## Assignment
Of all the lines below, output only those starting at the one with "主被劫,快穿上你的忍者套装,出发拯救公主" and ending at the one with "Victorian steampunk border.", both ends included, exactly as written.

## Extracted entries
=== Begin Enclosure ===

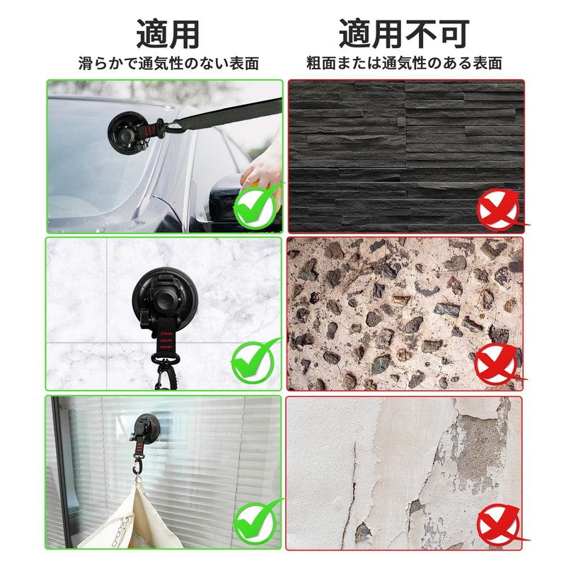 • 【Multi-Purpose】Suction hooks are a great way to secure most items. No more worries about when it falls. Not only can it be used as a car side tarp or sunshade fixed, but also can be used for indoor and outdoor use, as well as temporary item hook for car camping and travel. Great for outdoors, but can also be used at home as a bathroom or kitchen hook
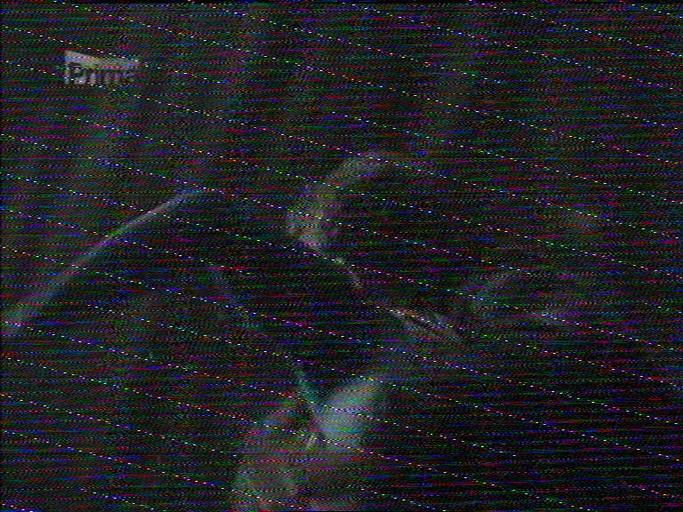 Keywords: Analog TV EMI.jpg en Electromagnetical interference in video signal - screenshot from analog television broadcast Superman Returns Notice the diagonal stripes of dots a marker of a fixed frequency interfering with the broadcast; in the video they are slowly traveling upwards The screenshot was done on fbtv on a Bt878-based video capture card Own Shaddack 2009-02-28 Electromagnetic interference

=== End Enclosure ===
=== Begin Enclosure ===

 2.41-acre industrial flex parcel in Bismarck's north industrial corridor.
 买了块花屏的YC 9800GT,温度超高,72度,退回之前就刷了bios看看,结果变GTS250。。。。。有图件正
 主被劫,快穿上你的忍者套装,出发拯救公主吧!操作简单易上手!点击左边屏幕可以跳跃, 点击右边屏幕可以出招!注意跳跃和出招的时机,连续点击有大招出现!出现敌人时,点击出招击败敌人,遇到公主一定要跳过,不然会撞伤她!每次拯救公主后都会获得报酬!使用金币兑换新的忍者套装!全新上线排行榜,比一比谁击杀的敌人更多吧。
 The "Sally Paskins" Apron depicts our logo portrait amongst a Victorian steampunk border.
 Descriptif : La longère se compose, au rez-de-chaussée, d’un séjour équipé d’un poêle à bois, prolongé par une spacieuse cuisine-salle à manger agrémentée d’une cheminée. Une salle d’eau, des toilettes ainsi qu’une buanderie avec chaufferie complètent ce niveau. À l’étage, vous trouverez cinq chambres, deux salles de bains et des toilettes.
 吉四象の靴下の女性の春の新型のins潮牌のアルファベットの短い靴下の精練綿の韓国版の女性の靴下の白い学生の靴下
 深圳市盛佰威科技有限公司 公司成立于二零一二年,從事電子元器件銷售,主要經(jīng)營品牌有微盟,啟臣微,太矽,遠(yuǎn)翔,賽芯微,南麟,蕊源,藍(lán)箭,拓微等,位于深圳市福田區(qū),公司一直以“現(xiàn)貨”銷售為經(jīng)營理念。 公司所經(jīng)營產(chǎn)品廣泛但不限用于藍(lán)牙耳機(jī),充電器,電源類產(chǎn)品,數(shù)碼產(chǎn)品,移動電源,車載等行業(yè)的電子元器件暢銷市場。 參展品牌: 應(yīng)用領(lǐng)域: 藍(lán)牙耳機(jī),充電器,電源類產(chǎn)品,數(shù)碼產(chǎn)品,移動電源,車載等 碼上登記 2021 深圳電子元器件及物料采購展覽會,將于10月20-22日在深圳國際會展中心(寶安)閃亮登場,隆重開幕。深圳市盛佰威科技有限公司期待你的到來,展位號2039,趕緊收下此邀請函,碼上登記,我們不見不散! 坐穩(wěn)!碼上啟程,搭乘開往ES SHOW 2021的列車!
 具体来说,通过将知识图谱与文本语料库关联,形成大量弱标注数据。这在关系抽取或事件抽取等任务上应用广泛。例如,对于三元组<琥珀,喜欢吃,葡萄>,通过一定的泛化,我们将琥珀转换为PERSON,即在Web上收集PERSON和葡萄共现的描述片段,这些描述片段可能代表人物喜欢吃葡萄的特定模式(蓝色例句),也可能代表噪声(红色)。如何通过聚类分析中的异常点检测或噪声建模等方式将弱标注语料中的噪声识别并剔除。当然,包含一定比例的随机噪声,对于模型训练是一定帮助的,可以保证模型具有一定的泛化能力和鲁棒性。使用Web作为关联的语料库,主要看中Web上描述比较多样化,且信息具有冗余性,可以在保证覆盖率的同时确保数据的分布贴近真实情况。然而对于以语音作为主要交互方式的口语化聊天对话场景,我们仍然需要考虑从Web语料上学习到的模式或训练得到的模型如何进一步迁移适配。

=== End Enclosure ===
=== Begin Enclosure ===

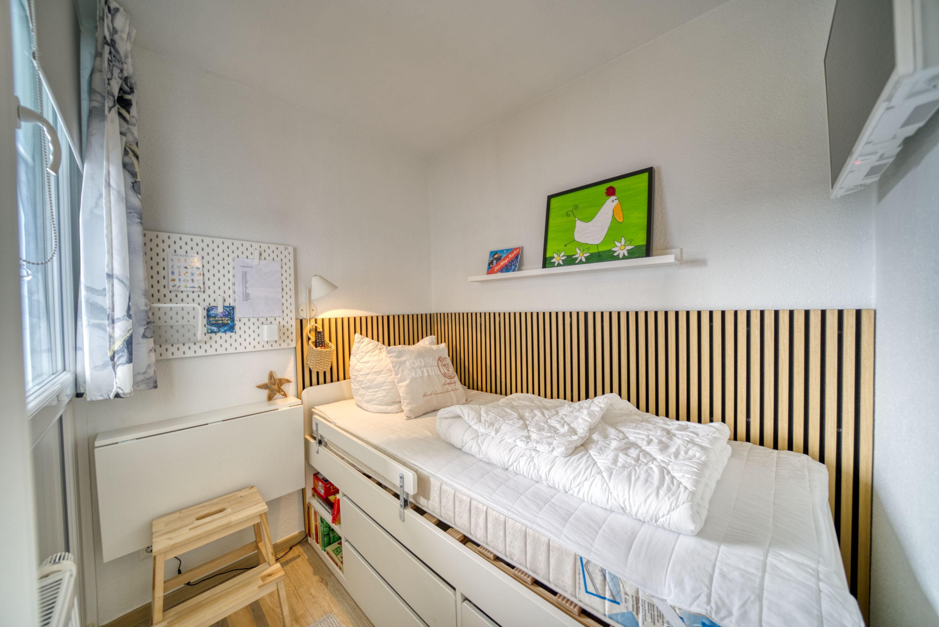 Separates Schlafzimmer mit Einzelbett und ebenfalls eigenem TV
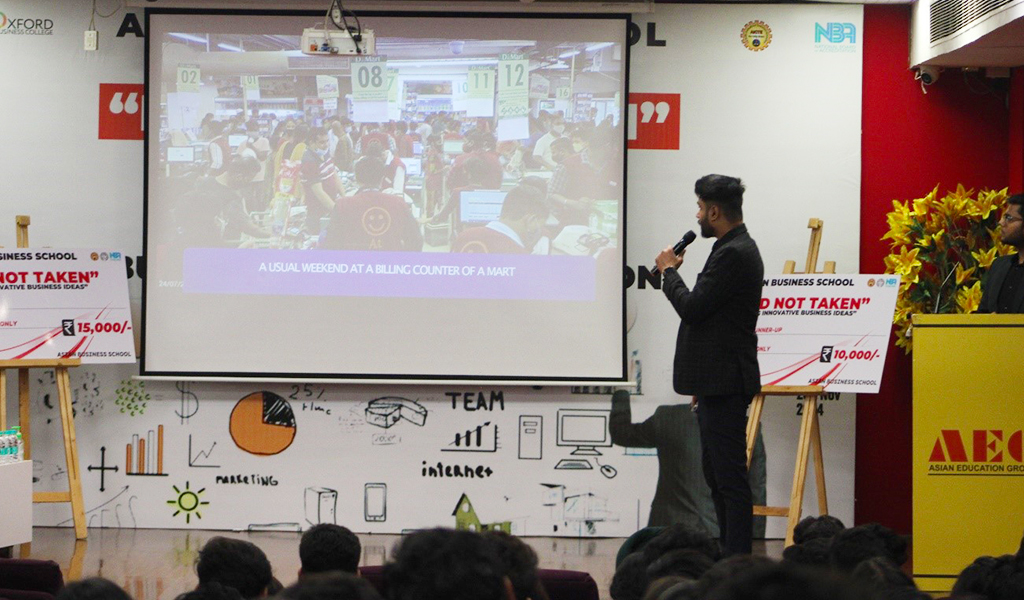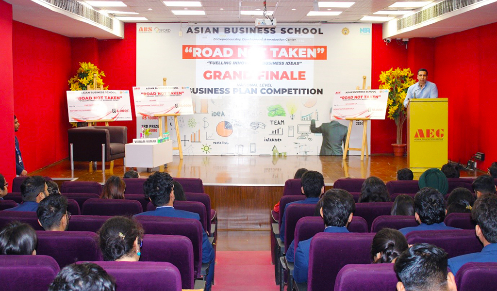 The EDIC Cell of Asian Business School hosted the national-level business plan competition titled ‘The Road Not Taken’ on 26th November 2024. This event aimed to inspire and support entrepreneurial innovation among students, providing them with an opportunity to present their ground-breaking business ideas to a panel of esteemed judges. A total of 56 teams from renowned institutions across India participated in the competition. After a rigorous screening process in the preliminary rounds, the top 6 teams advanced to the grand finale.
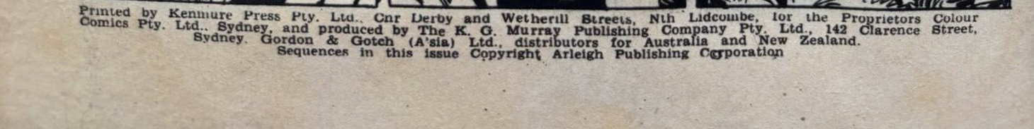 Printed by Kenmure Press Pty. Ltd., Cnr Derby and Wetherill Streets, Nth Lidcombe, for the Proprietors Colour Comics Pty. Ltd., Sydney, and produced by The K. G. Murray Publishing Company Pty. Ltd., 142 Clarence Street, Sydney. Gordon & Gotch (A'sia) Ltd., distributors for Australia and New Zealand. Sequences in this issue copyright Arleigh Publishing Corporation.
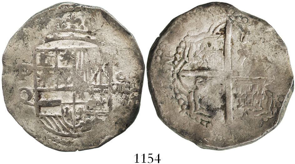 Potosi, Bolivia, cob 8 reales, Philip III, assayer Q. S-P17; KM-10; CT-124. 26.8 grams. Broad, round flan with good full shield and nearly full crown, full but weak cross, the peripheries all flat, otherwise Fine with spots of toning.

=== End Enclosure ===

## Response for this exercise
 主被劫,快穿上你的忍者套装,出发拯救公主吧!操作简单易上手!点击左边屏幕可以跳跃, 点击右边屏幕可以出招!注意跳跃和出招的时机,连续点击有大招出现!出现敌人时,点击出招击败敌人,遇到公主一定要跳过,不然会撞伤她!每次拯救公主后都会获得报酬!使用金币兑换新的忍者套装!全新上线排行榜,比一比谁击杀的敌人更多吧。
 The "Sally Paskins" Apron depicts our logo portrait amongst a Victorian steampunk border.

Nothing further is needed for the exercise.